A key point emerging from the views of the authors reviewed is that exceptionalising views of AIHTs, in the context of HTA, appear to come as much from the technology itself as they do from the broader social, cultural, and political contexts surrounding AI in the health sector. In other words, AIHTs are exceptional because of their technological characteristics and potential impacts on society at large. This is quite consistent with HTA, which seeks to assess the diversity of impacts of a technology. It is therefore quite reasonable that a technology with multi-dimensional impacts on society severely affects a process that is based on these same dimensions. The key takeaway may be that, to adapt and remain relevant, HTA must continue to focus on and strengthen these evaluative processes, which must be capable of a comprehensive assessment of the technical, social, cultural, ethical and health dimensions.
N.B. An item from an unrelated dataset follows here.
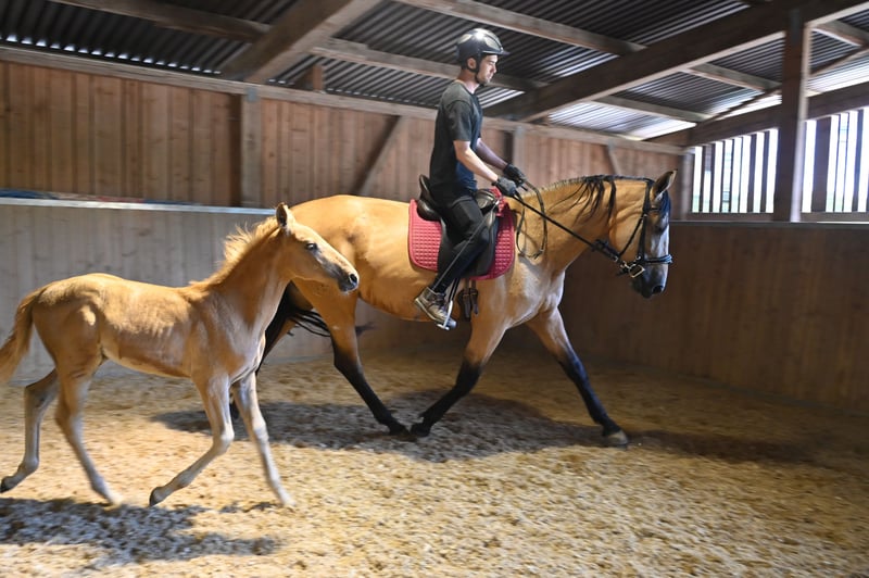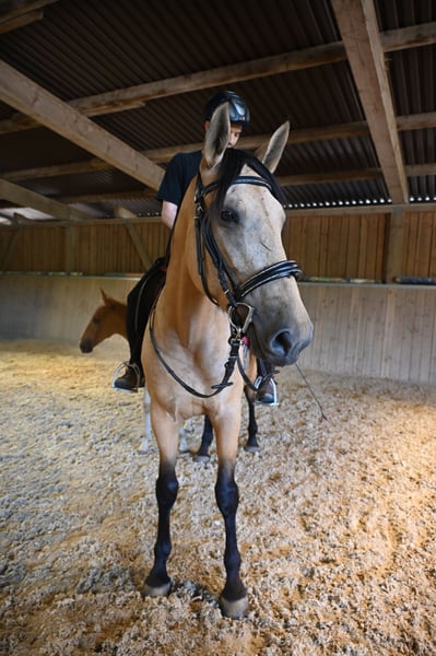 Silueta MAZ con il puledro maschio Lozano Kubny al seguito, di colore Palomino, nato il 29.04.2025. Riceverà documentazione ANCCE completa, suo padre è Silenzio MAZ. Silueta MAZ è approvata e montata, è una cavalla PRE nata il 29.03.2021. Ha tre ottimi GGA da dimostrare. La sua altezza al garrese è di 169 cm. Proviene dall'allevamento di Juan Martos, un allevamento di PRE specializzato in colori particolari per il dressage. È conosciuto per l'alta qualità dei cavalli, che sono robusti, di nobili linee barocche e di grande taglia. Tutti i cavalli dell'allevamento hanno un carattere buono, equilibrato e chiaro. Entrambi i genitori di Silueta appartengono alle linee Escalera e Yegada Militar; da parte paterna c'è un stallone di Paco Marti, un noto allevatore di PRE specializzato in colori particolari, con qualità molto alta e meccanica di movimento per il dressage. Silueta MAZ è stata approvata ANCCE nel 2024, è una cavalla Bayo, il codice genetico è gg Aa Ee CCr NN. Madre: Mandulis MAZ, Padre: Orión MAZ Siamo lieti di presentarvi i cavalli da lunedì a sabato, è possibile provare a montare in campo o in natura, lavorare in longia e fare lavoro a terra, per conoscere meglio il vostro cavallo dei sogni. Questo costa 40€ a volta e sarà rimborsato al momento dell'acquisto. Le lezioni di equitazione prenotate non sono rimborsabili.

Interestingly, no author in the reviewed sample clearly promoted the idea that AI is an unexceptional technology for HTA. Many reasons could explain this phenomenon. First, the hype is still very strong when it comes to AIHT (Mazurowski 2019; Carter et al., 2020). Thus, it is possible that discussions about AI (un)exceptionalism are not yet ripe to mark the literature. This can be seen in the literature reviewed, which, without focusing on the limits of exceptionalism, currently has its strongest criticisms on AI hype. This leads us to think that hype and exceptionalism may be linked: hype feeds on exceptionalism while the latter needs hype to surface and to strike a chord within the literature and the rhetoric about AI in health. Second, trivially, this may be because there is less incentive to write (and publish) on the advent of a new technology in health by stating that nothing is new under the Sun (Caulfield 2018). Third, AIHTs may be so recent in the HTA pipeline that HTA as not yet addressed all the dimensions of AIHT.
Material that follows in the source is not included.